Work instruction: Write out the lines of the material below exactly, beginning at the line with "Hearts v The" and stopping after the line with "演出过程中不断变换队形,展现", and leave out the pictures.

Dataset extract:
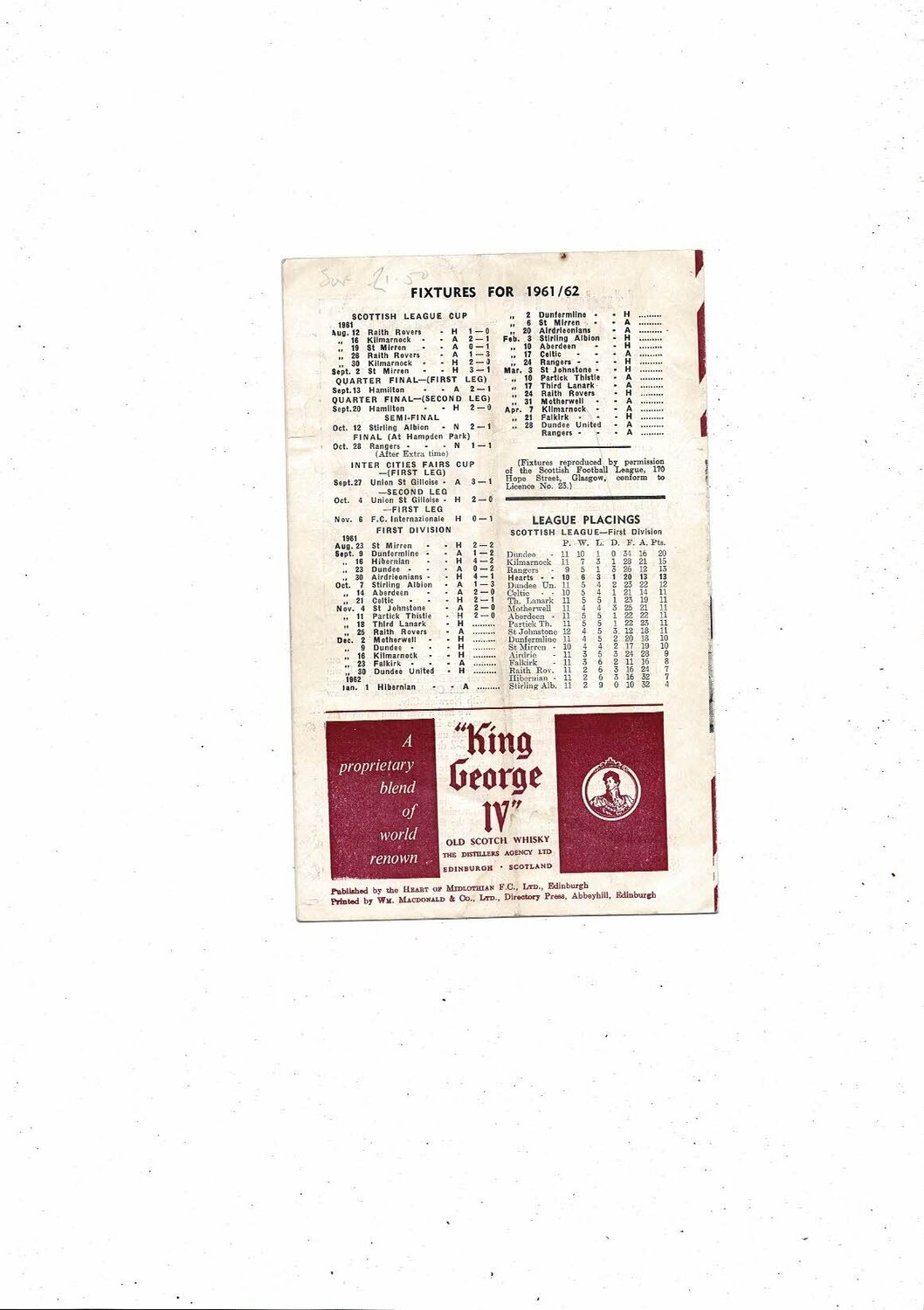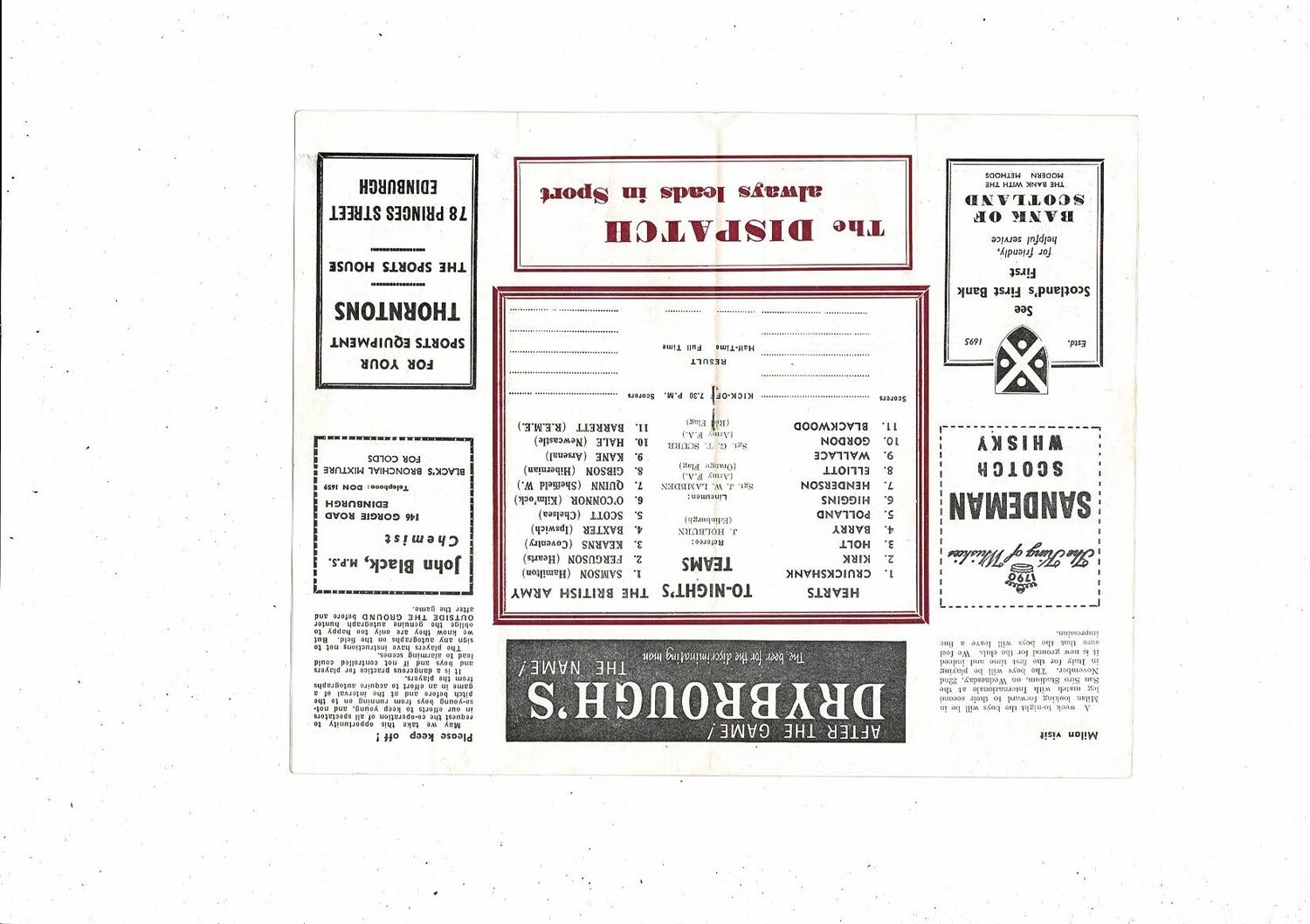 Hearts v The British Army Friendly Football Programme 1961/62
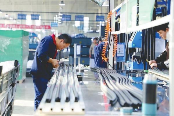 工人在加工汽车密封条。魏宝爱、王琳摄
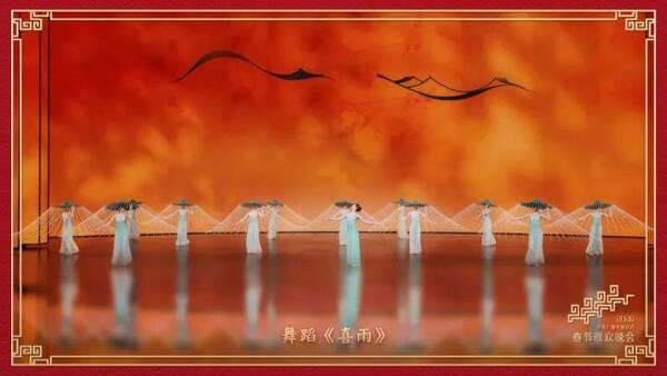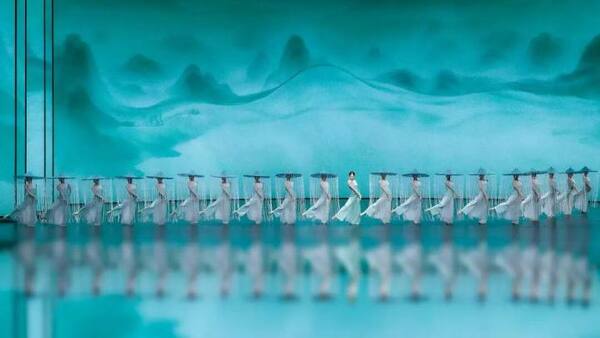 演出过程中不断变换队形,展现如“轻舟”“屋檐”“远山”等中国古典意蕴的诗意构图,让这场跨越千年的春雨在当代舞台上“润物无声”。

==

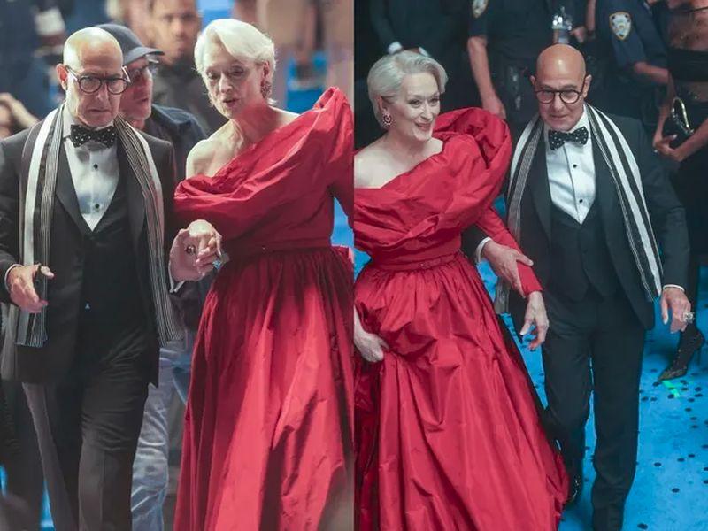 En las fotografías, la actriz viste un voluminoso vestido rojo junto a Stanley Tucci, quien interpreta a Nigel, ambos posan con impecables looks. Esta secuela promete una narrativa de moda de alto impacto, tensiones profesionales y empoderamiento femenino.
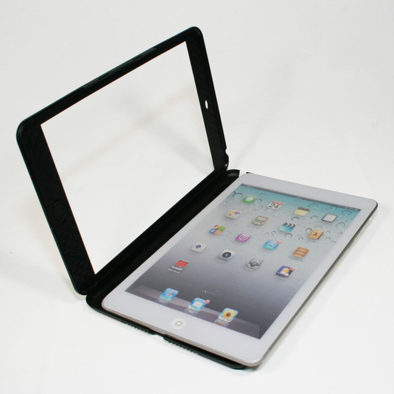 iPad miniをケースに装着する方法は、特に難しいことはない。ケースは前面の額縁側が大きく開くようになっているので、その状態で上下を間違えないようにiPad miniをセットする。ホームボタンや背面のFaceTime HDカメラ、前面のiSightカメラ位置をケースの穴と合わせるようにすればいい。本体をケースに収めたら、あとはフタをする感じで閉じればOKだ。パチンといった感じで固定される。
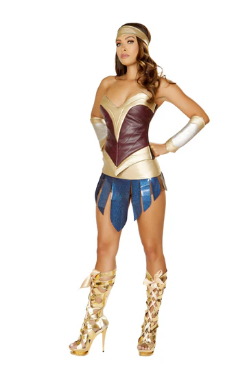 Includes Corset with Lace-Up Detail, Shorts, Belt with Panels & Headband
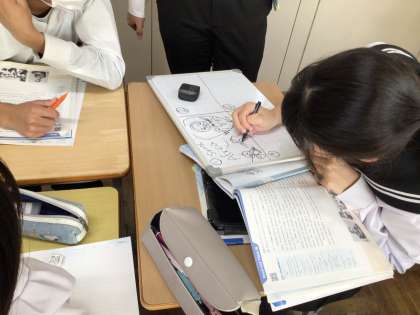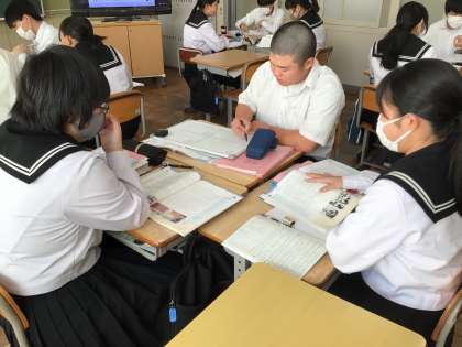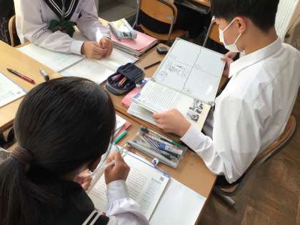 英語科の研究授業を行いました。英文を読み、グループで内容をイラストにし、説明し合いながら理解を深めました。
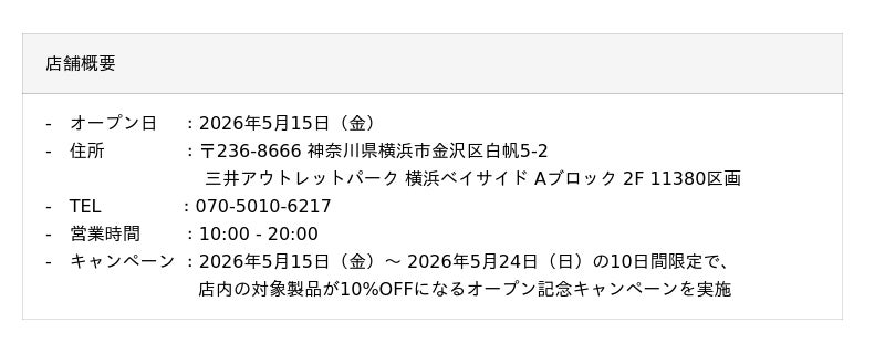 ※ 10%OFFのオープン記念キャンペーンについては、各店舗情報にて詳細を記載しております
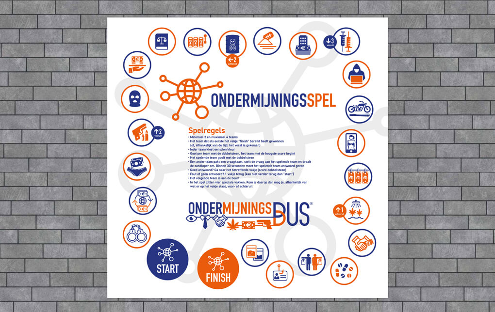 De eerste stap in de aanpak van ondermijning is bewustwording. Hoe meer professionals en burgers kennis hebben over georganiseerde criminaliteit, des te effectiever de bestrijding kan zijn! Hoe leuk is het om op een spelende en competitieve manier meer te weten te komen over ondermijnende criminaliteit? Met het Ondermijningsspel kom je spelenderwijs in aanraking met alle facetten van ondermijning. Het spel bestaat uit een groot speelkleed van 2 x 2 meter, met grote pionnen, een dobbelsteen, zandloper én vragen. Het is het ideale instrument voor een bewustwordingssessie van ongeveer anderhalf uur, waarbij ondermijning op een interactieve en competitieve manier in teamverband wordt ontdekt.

Answer:
 Hearts v The British Army Friendly Football Programme 1961/62
 工人在加工汽车密封条。魏宝爱、王琳摄
 演出过程中不断变换队形,展现如“轻舟”“屋檐”“远山”等中国古典意蕴的诗意构图,让这场跨越千年的春雨在当代舞台上“润物无声”。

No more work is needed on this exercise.